В десяти верстах далее, по левую руку, в Осиновом логу – знаменитый Белый ключ ли, Белый колодец. Вода в нем по вкусу будто снеговая, ледниковая. Слывет она «серебряной», лечебной, помогая от всяких хворей.

Там же, рядом, целая балка с названием – Родниковая. На каждом шагу ключи. Прежде, в старые годы, эту балку закрывали плотиною, и вода самотеком бежала, орошая плантацию осиновских хуторян. Сегодня еще видны заплывшие, затравевшие канавы, когда-то полные воды.

Живые ключи Задонья, родники мои… Это память или нынешний день?.. Время – полдень. Дорога. Жаркая степь. Сворачиваю к роднику. Склоняюсь над ним. Пью и пью. Потом сажусь возле невысокого обомшелого сруба.
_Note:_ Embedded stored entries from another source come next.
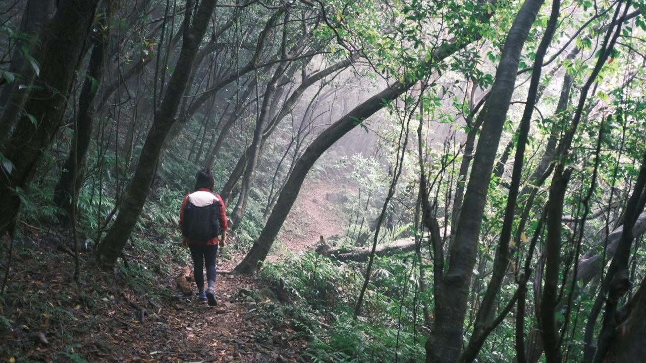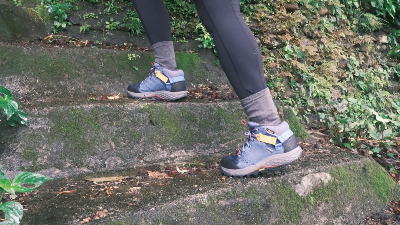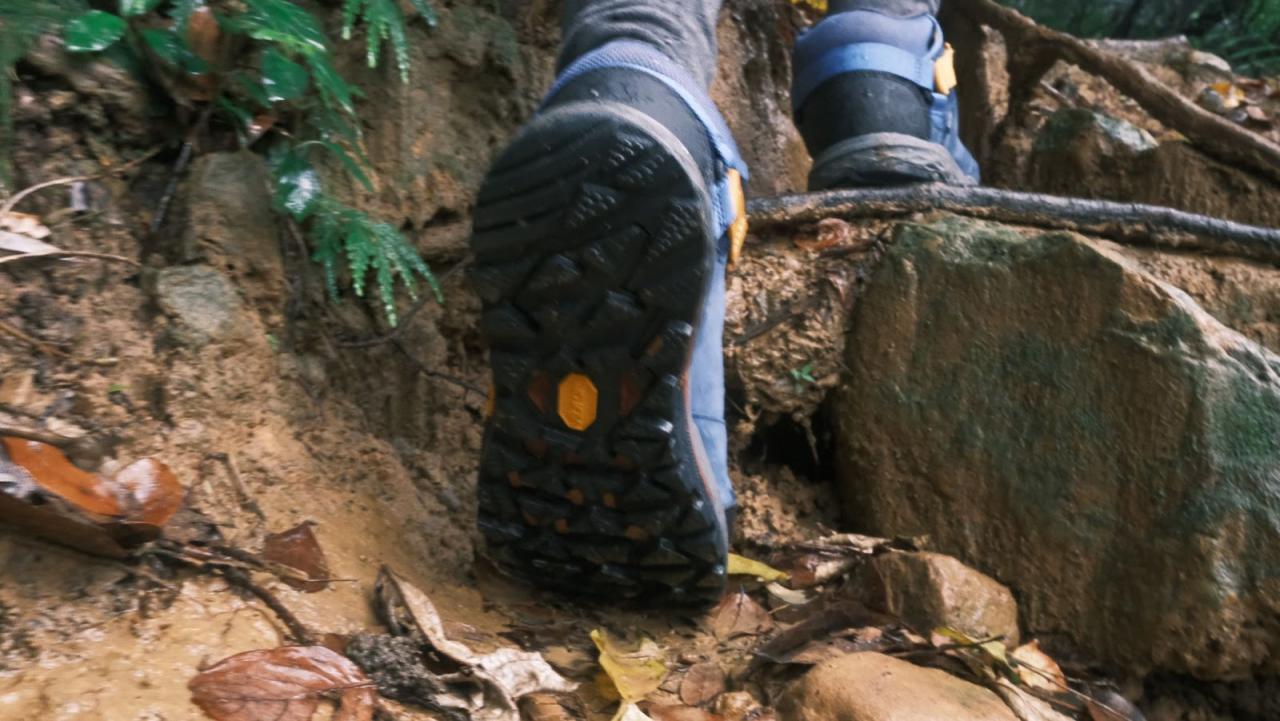 走了一段公路后,鞋的考驗就正式開始啦!先來個石階梯輕松走~然后沒多久就出現了濕滑泥濘石階路段,此時正在下著“大雨”。因為這雙鞋的鞋底是Vibram Megagrip黃金大底,在干濕地形有卓越的抓地性及耐磨度,所以在雨天行走在層層的石階也可以不怕滑倒,然我感到滿滿的安全感。
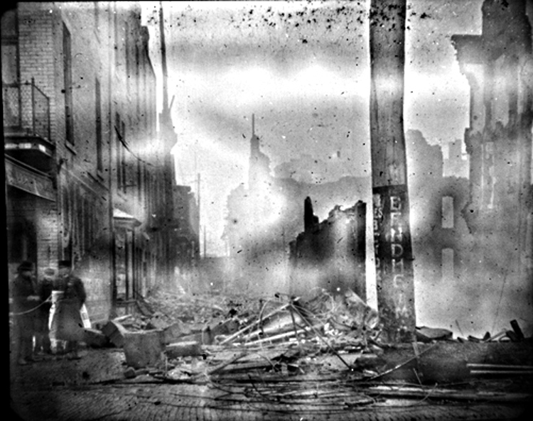 This slide in the next two following it are not the greatest pictures. They cleaned up a little but they are flawed pictures. Magic Lantern #75. 1905 Diamond Fire. Big fire which destroyed the Diamond, Fifth Street and Market Street. While dynamiting the Ikirt Building a loose brick was blown across the street in front of the Brooks Building and killed a man by the name of Moore.
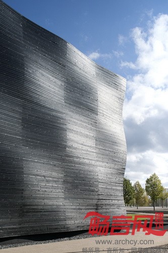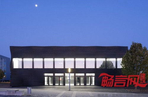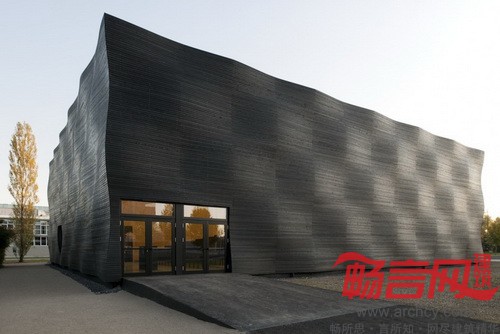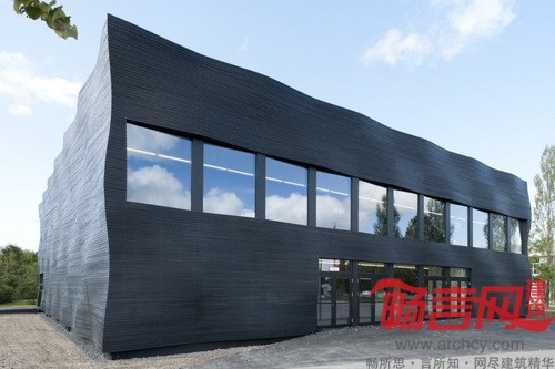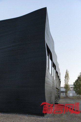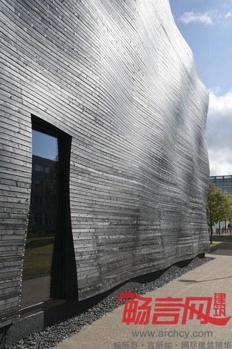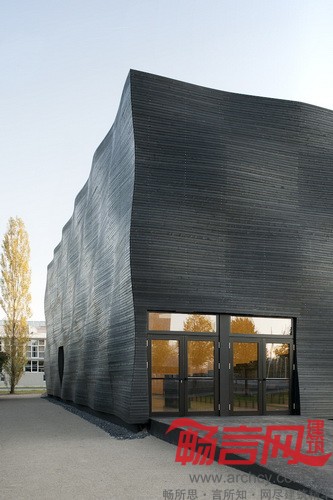 由于这栋教学楼的使用年限较短,同时也为了适应天气的变化,教学楼外墙采用了粗制加工的云杉木板,上面涂了一层黑色的颜料,这样就挡住了木板的纹理。另外,大楼外墙表面呈波浪形,使其整体显得更加活泼。
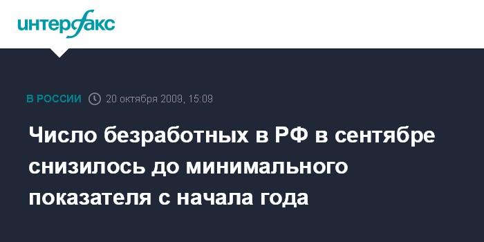 Число безработных в конце сентября стало минимальным с начала года (на начало года число безработных равнялось 5,895 млн человек), но превышало показатель сентября 2008 года на 1 млн человек (в сентябре 2008 года - 4,744 млн человек).
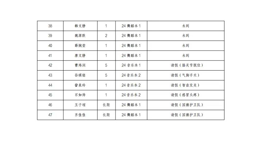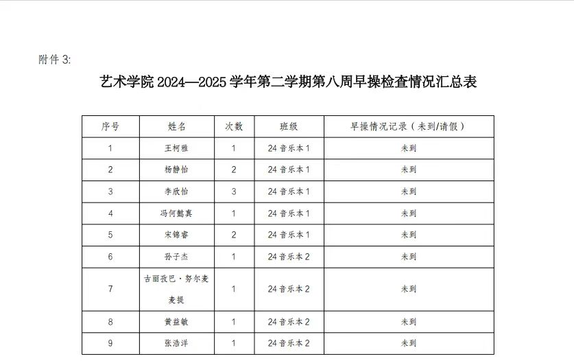 3. 早操出勤:大部分同学积极参与早操,精神状态佳;部分班级有早操缺勤问题,请假和未到人数偏多。
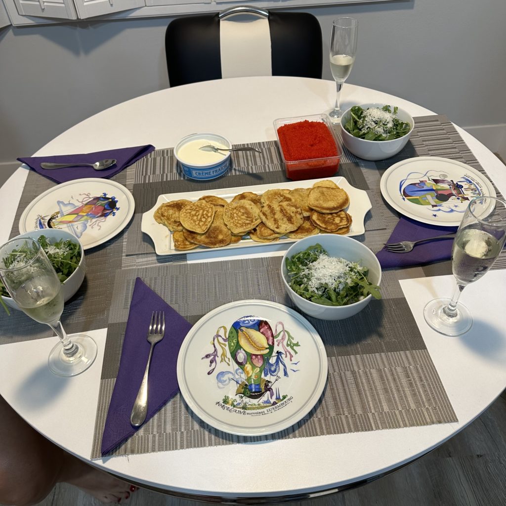 Last week I whipped up Queen E’s matzoh meal latkes which are the same as blinis.
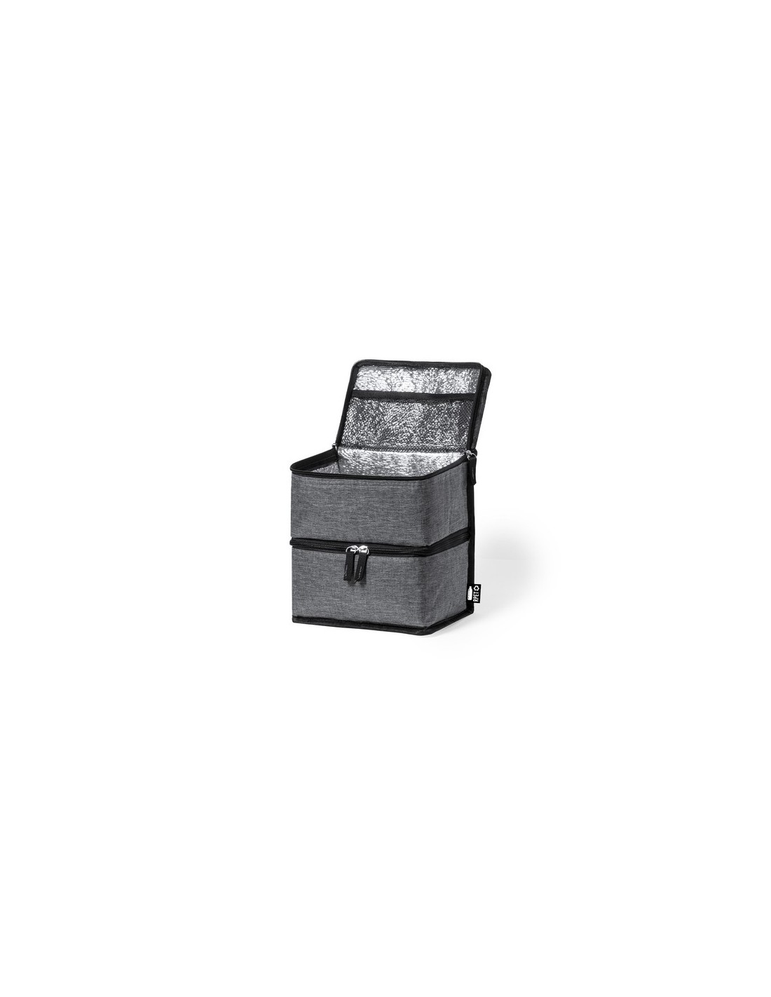 Práctica nevera de línea nature y doble compartimento fabricada en poliéster 600D RPET de alta calidad, elaborado a partir de plástico reciclado para así fomentar la reutilización de residuos plásticos y contribuir a la sostenibilidad del planeta. Asa de transporte reforzada, incluye 2 compartimentos con cierre de cremallera y doble tirador de tela, con distintivo RPET en etiqueta exterior: Compartimento superior diseñado para conservar el calor, con interior isotermo en aluminio. Compartimento inferior diseñado para conservar el frío, con interior isotermo en PEVA. 2 Compartimentos Composition : Poliéster 600D RPET/ PEVA/ Aluminio.
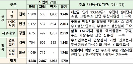 전북 '그린수소 생산'은 새만금 연계 100MW 규모 수전해 설비단지 등 그린수소 클러스터를 조성한다. 인천 '바이오‧부생수소 생산'은 수도권 매립지 활용 바이오가스 연계 수소생산 및 부생수소 관련 클러스터를 구축한다.

Гляжу, как вздымается, бугрится и туго вихрится на дне белый песок. Три буруна, три ключа. Песчаный бурун поднимается невысоко. Водные струи винтом идут вверх, понемногу слабея и растекаясь в прозрачном столпе воды, в полной чаше. Прозрачным живым порогом валит вода его через край, падает вниз и уходит, журча, словно прощаясь.

В округе – лето. Полдень. Зыбится жаркое марево. У родника кров божий, зелень ветвей. По земле зеленая же мурава и пестрая радуга цвета. Белое, розовое, голубое… Пахучий холодок мяты, синеглазый батог, желтая дрема, корзинки тысячелистника и рябинки… Сколько их… Травы и травы, медовый пахучий цвет. Сонное гуденье пчелы, стрекот кузнечика, негромкое птичье пение, журчанье воды, пресный живительный дух ее.

Глядишь завороженно, как пульсируют в песчаном дне живые ключи, как вздымаются, тянутся вверх тугие струи.

Прошумел в листьях ветер. Через ветки, наискось, пробился солнечный луч, словно золотое копье, и ударил в живую чашу. Качнулись, свиваясь, струи. Что-то вовсе волшебное почудилось. Золотая дрема… Время светлое, долгое. И думы светлые, словно эта вода.

Посидел, отдохнул и пошел. Легкой ногою, от родника к роднику. Добрая дорога.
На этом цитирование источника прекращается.